Located in the ancient kingdom of Arwystli, this sleepy market town has plenty of lovely traditional eating and drinking establishments to choose from; with the highest ration of pub to person ratio in the country! Visitors can also stroll along the medieval cobbled streets and spot the eye catching black and white time framer buildings.
The first town on the River Severn, this is a popular base used by hikers wishing to explore the Cambrian Mountains, and there are over 30 marked walking routes around the town, many of which link up with other smaller villages nearby. Also passing through the town are the national trails Glyndwr's Way and Severn Way.
The Hafren Forest is a short drive from the town, a haven for watching red kites and the lake at Llyn Clywedog has sailing opportunities and fishing available through the local angling society. The old Market Town houses the Llanidloes Museum of Local History and Industry, this venue is packed with fascinating artefacts and educational displays. Plas Dinam country house offers horse riding, off road karting and country sport days.
This is the go to place for outdoor enthusiasts to make the most of the fantastic walking, riding & cycling opportunities, especially in the Cambrian Mountains National Park. The Ceredigion Coastal Path features numerous trails to choose from depending on how far you wish to travel. Whether for a full walking holiday or just a stroll along the cliffs to a village pub, this unspoilt route is perfect and has views out across the famous Cardigan Bay which is home to the UKs largest pod of dolphins.

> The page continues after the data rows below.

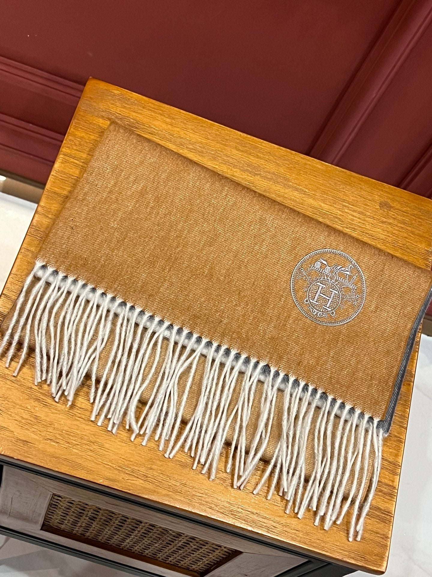 Scarf 190 CM In Dark Beige Mix Grey White Cashmere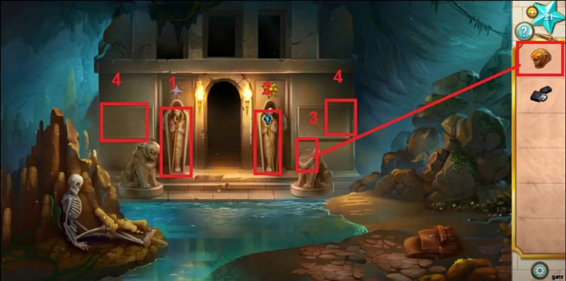 - Before leaving the temple, we’ve collected two objects and gave them statues on the left side. Now, there are two other sticks available that you must offer to the figures on the right side, as shown in the image given below.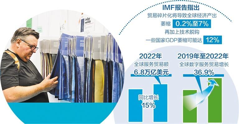 同时,全球数字服务贸易、环境商品贸易和全球价值链等领域也处于扩张之中。2022年,全球服务贸易额为6.8万亿美元,同比增长15%。全球贸易数字化进程飞速发展。2019年至2022年,全球数字服务贸易增长了36.9%。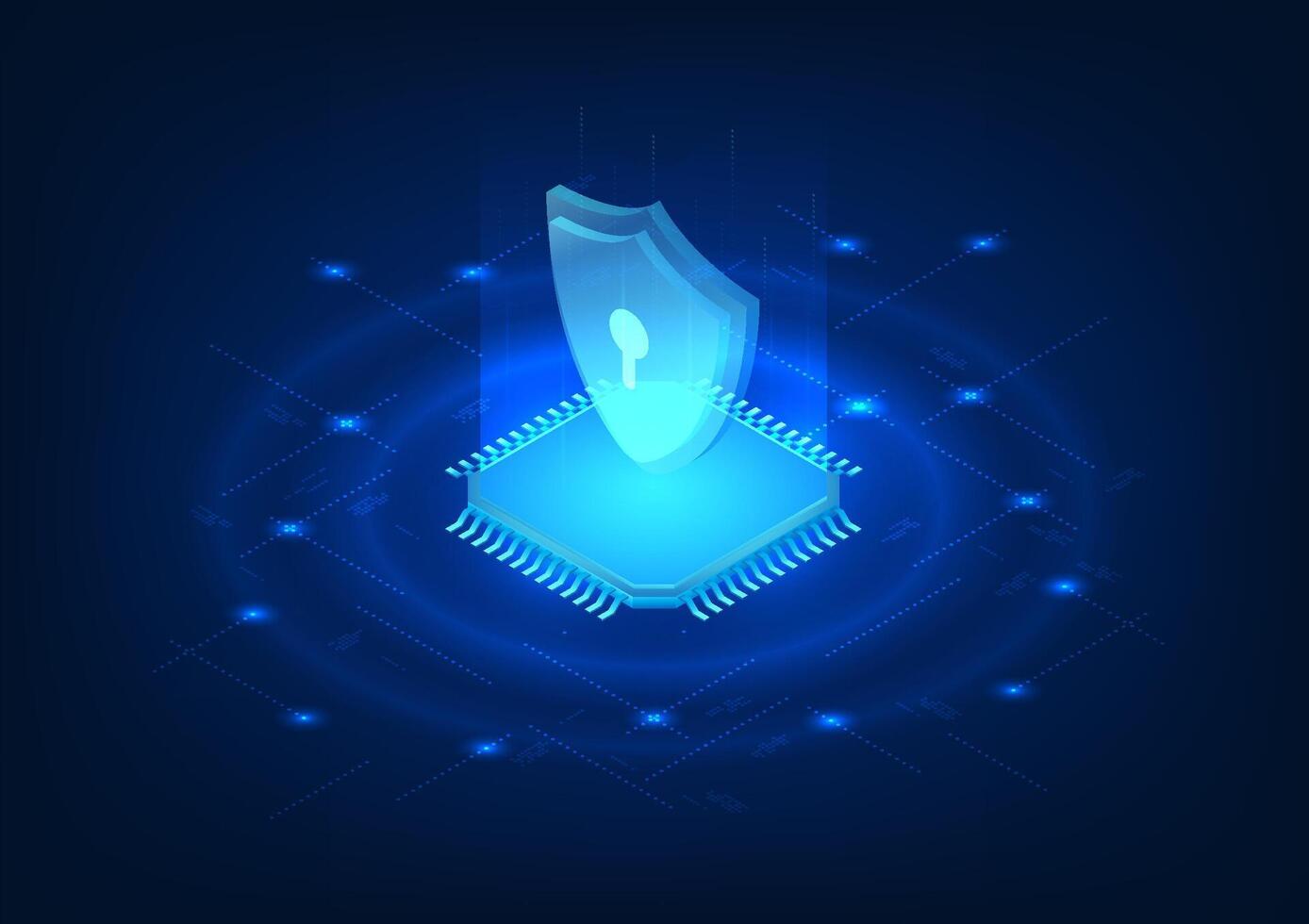Microchip technology equipped with cyber security system Protection against virus threats Data theft and attacks Shield placed on top of microchip pad Vector illustration Pro Vector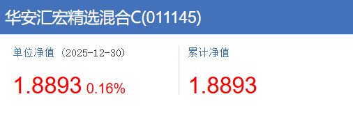 $华安汇宏精选混合C$(011145)昨天涨了0.16%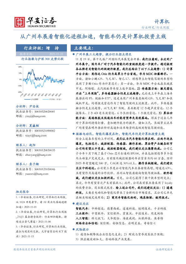 【华安证券】【20211122】从广州车展看智能化进程加速,智能车仍是计算机投资主线-15页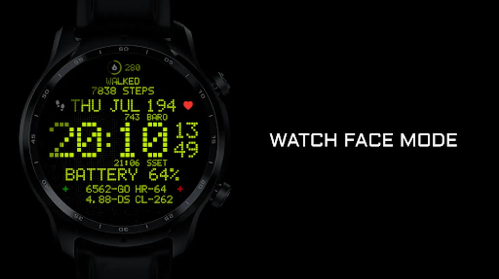 24H time mode format in phone - support distance in kilometers in watch face, 12H time mode format in phone - support distance in miles in watch face(watch face calculates distance based on steps taken, calculation of the burned calories is similar). 12H digital time mode format without leading zero.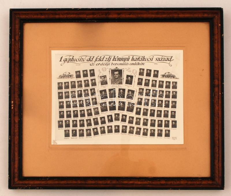 1940 1. gépkocsizó dd.feld.zászlóalj könnyű harckocsi század tablóképe az erdélyi bevonulás emlékére, kartonra kasírozott fotó üvegezett keretben, 18x23 cm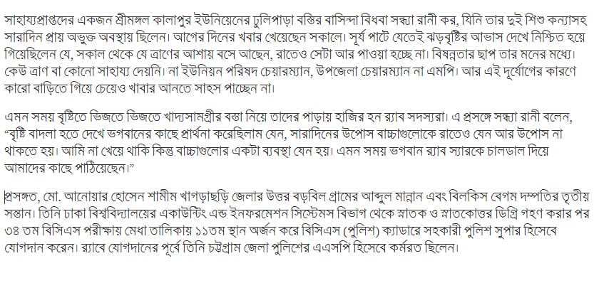 The RAB officer rushed to the victims in the aftermath of the storm. Although he had no road to drive, he and his fellow RAB members carried a sack of relief in two hands, reaching the exposed people with rain-soaked muddy bees and reaching a total of 15 families with essential supplies including rice, pulses, oil. During this period, he assured the families of the victims that they would receive government assistance.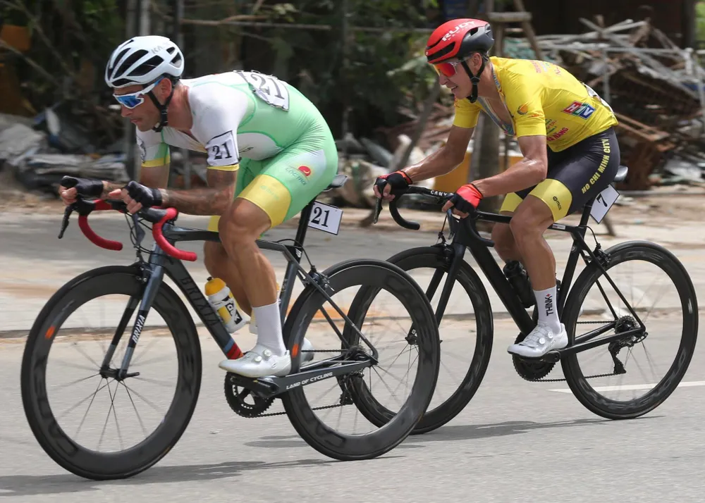 Đội TPHCM lên làm đầu máy kéo. Ảnh: HOÀNG HÙNGTuy nhiên, chỉ có một tình tiết đáng chú ý khi cách đích chừng 6 km, hai anh chàng đồng hương người Nga, một của TPHCM Vinama là Áo vàng Igor Frolov và một của đội Tập đoàn Lộc Trời là Roman Maikin rủ nhau thoát đi. Dù là khác đội nhưng là đôi bạn thân từ trước, hai tay đua đẳng cấp cao này hợp sức đã khiến đoàn đông phía sau, nhất là đội Domesco Đồng Tháp phải kéo trối chết mới bắt kịp.
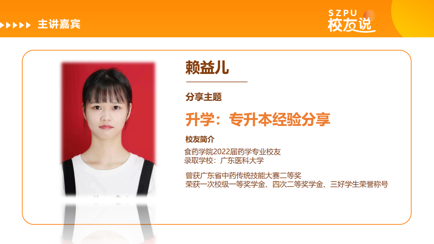 11月18日,为营造良好学风,切实为同学们解决实际学业困惑,树立榜样示范作用,博达书院食药团委实践部线上举办了以专升本经验分享为主题的校友讲座,由食药学院2022届药学专业校友赖益儿主讲。赖益儿同学为原2019级药学专业学生,在校期间曾获广东省中药传统技能大赛二等奖,校级一等奖学金、四次二等奖学金及三好学生等荣誉称号。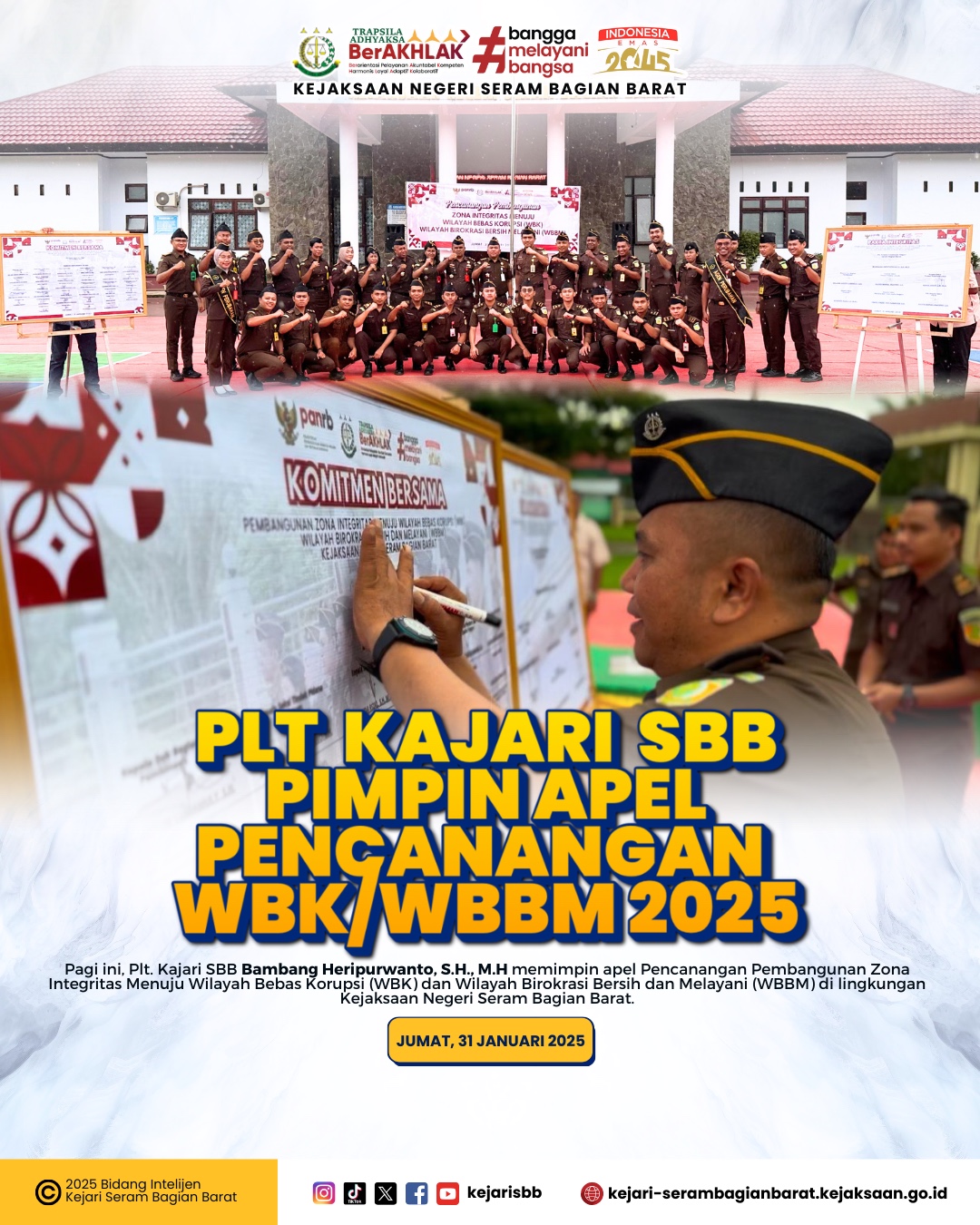 Seram Bagian Barat - Plt Kajari Seram Bagian Barat Bambang Heripurwanto, S.H., M.H memimpin apel Pencanangan Pembangunan Zona Integritas Menuju Wilayah Bebas Korupsi (WBK) dan Wilayah Birokrasi Bersih dan Melayani (WBBM) di lingkungan Kejaksaan Negeri Seram Bagian Barat, pada Jumat (25/1/2025).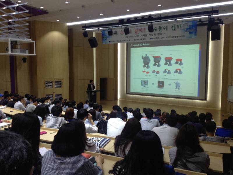 - 일시 : 2014. 6.12(목) 15:30~- 장소 : 인문학관 3층 강당- 강사 : (주)한국기술 이일용 과장- 참석 : 166명 (재학생 및 기타)- 주제 : 3D Printer 가 가져올 산업의 변화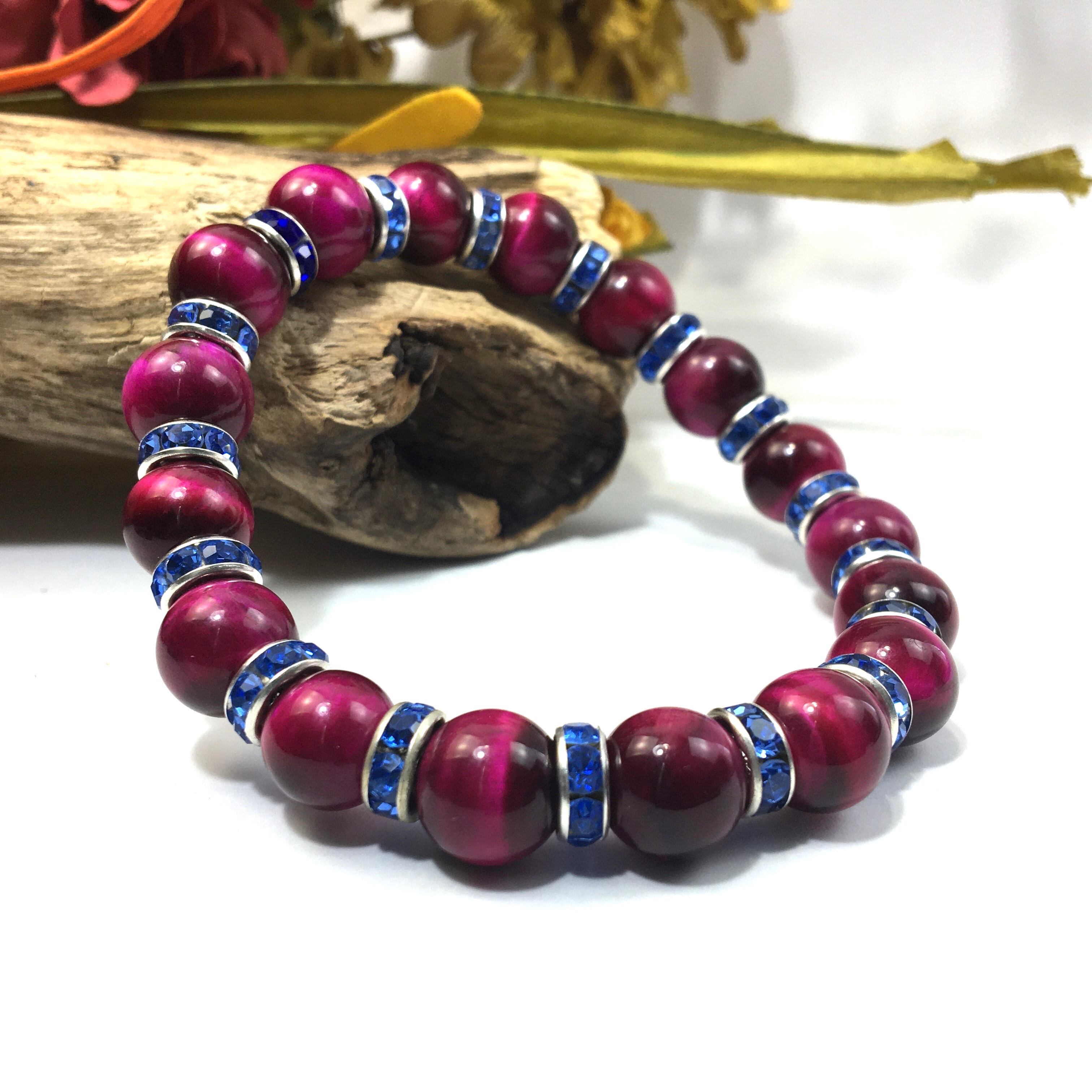 ピンクタイガーアイ パワーストーン ブレスレット 10mm (ブルー)メンズ・レディース 男性・女性 数珠ブレス  開運 ☆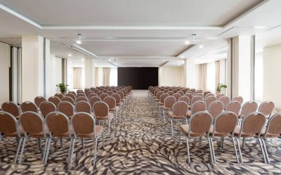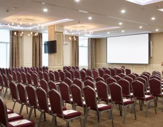 Зал располагается на 2 этаже, оснащен LCD проекторами и экранами. В вашем доступе также бесплатный высокоскоростной Wi-Fi. Есть возможность взять в аренду дополнительное оборудование: ноутбук, кликер или маркерную доску. По запросу предоставляется танцпол, сцена, LED экран

Dotted along the Wales-West England border are lots of lovely market towns, many of which have their own castle. This disputed ground has a large number of Roman and Norman medieval fortresses, today some are only ruins or just the earthen works remain however there are plenty which have restored to their former glory and are open to visitors.
Mid Wales also just touches on the edge of the Brecon Beacons, a popular mountain range for exploring caves, forest activities and other more extreme outdoor sports such as rock climbing and abseiling. A number of historic railways mean other regions of Wales are easily accessible for a day trip, and make for an enjoyable way to travel and take in the sights.